Reanalyzing the Gautret et al. data on Covid-19 treatment. Asking for feedback

Recently, a paper by Gautret et al. made waves with their strong support of using Hydroxychloroquine (HCQ) and Azithromycin (AZ) for Covid-19 treatment based on a small non-randomized study. I wondered what would be a good way to analyze the data they reported? I made some attempts and am looking for feedback.

Note that the paper was criticized on many methodological grounds. Most notably: patients with severe outcome (which were only in the HCQ group) were excluded, the treatment and control groups were recruited at different hospitals and obviously differed even before treatment and also some ethical and procedural considerations, see e.g. the nice review by Darren L. Dahly et al. or Pubpeer coments for more.

In my analysis I am ignoring some of those shortcoming as they can’t be solved by statistics. But I believe parts of them can be handled by a more custom-tailored analysis. But I wanted to note that the shortocomings I can’t address brings the analysis further from “practical” territory and more into “excercise in statistics” territory.

The dataset

The authors, in a rare and positive move (for a medical paper) provided reasonably detailed patient-level data. The data has a lot of structure:

  • 42 patients, 16 served as controls, 20 got HCQ, 6 got HCQ + AZ, 6 were excluded because loss of followup, of the excluded 1 died and additional 3 were transfered to ICU (all on HCQ, not certain if also on AZ)
  • For each patient we have 6-day time series of viral load (real-time PCR) measurements. Those could turn either negative or report Ct number between 0 and 35 - higher Ct means lower viral load, 35 is the detection limit.
    • For some patients some days are missing
    • For some patients in the control group the viral load is only reported as positive/negative
  • The time series starts at treatment initiation (HCQ, HCQ + AZ) or inclusion in the study (Control)
  • The patient groups differ in the time between symptom onset and treatment initiation / inclusion in the study
  • We also know the age of the patients, and we know age is an important predictor of disease severity.
  • For the excluded patients, we know their day-by-day history post-treatment, but we do not know their time from symptom onset.
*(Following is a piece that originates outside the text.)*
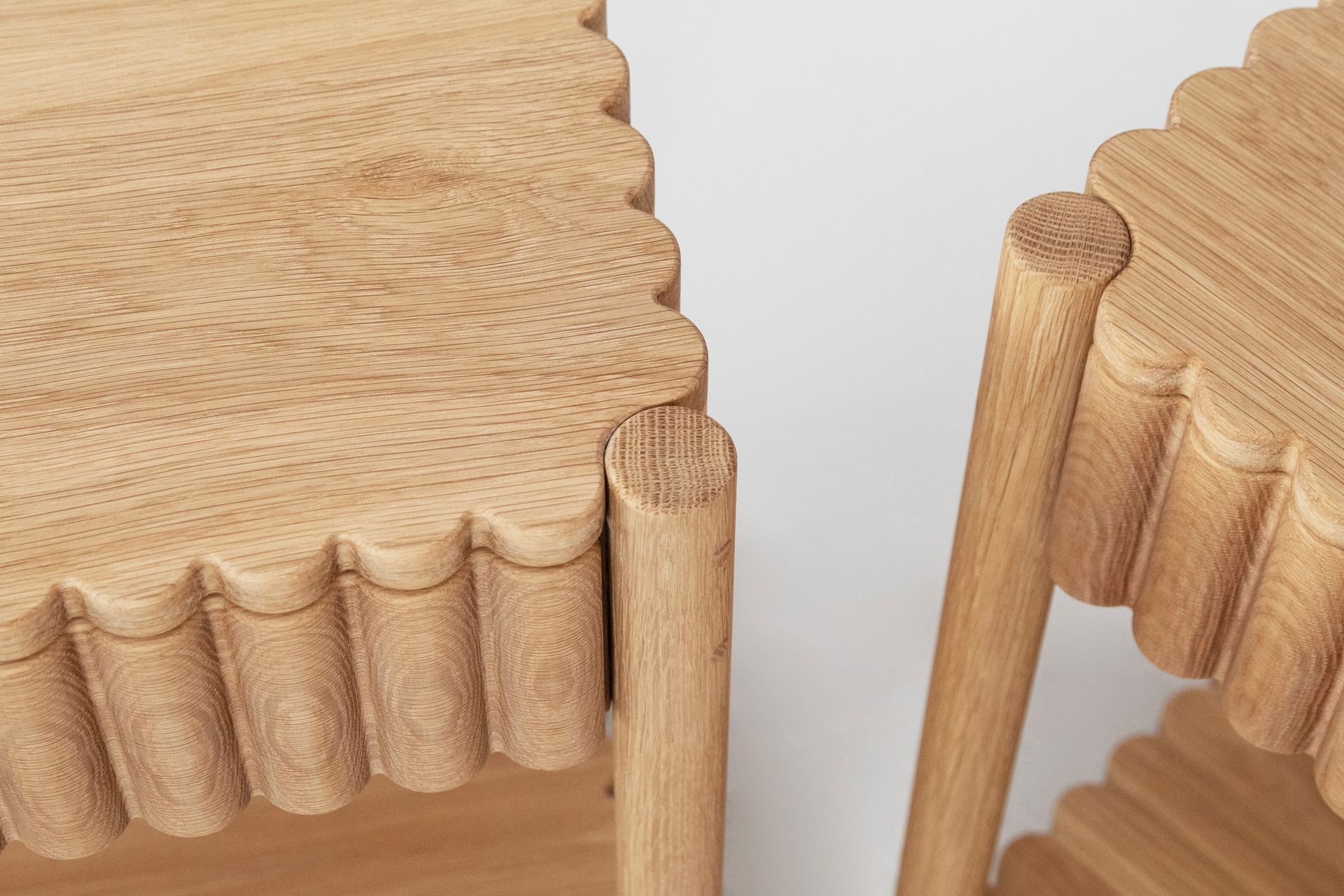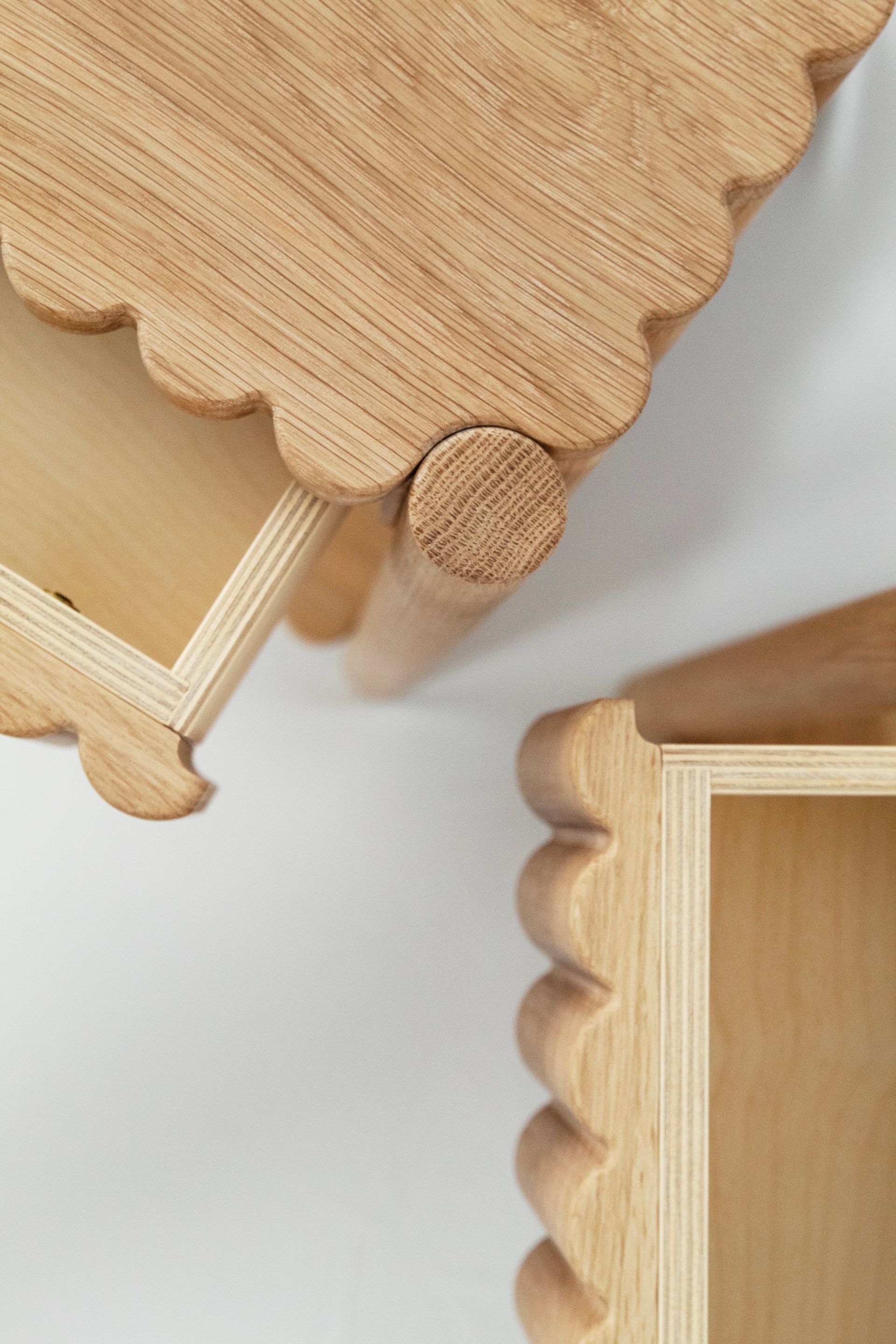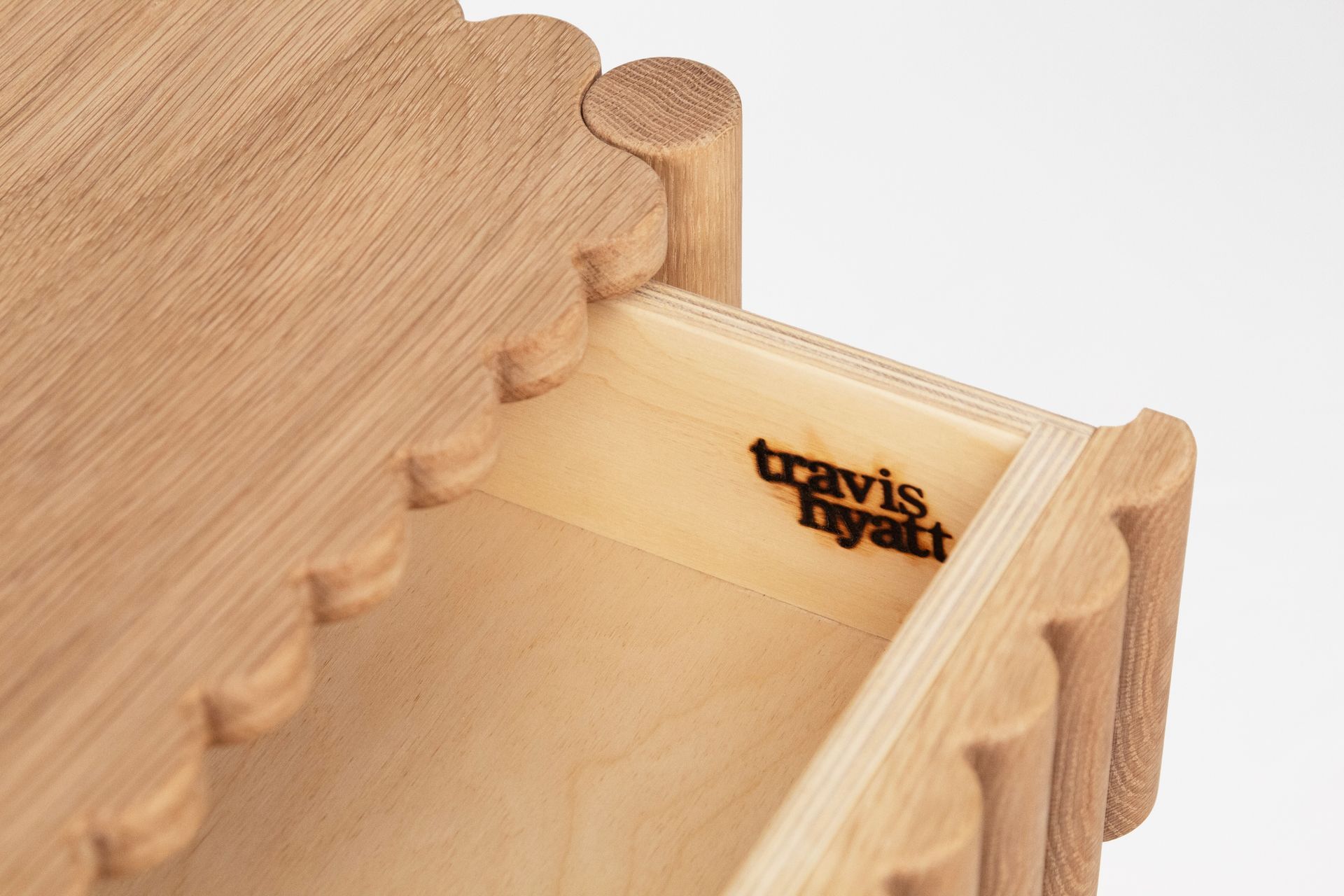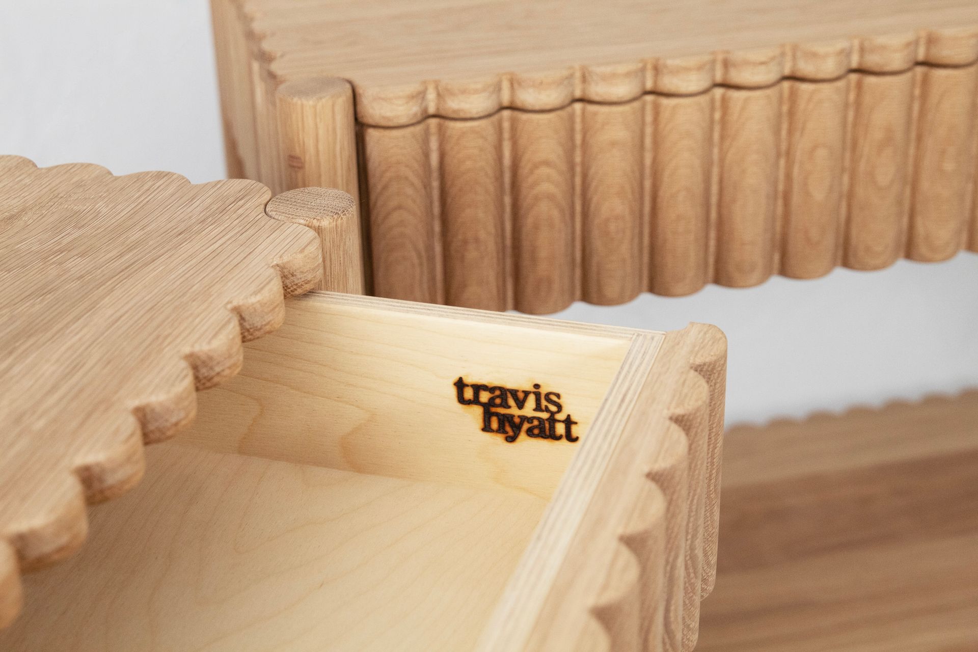 The Saltine Nightstands were commissioned for a client who required a set of bedside tables that have a “light, airy, & leggy” composition. The Design started with long dowel legs. These were the guiding feature for the remainder of the design, whereas the cylinder shape was mimicked with the geometric repetition across the front and sides. Their silhouettes then projected to the surface edges which defined the final form.

This is one way to look at the data I’ve found helpful:

Each line is a single patient, for the treatment groups, the line starts at first dose. Viral expression is computed as 35 - CT, so that 0 corresponds to the detection limit as used in the paper. The control group contains some patients where the PCR is reported only as positive/negative. For this figure, positive tests were imputed as 10 (CT = 25) plus tiny noise. The excluded cases (including 4 HCQ patients with severe outcomes) are excluded as in the paper.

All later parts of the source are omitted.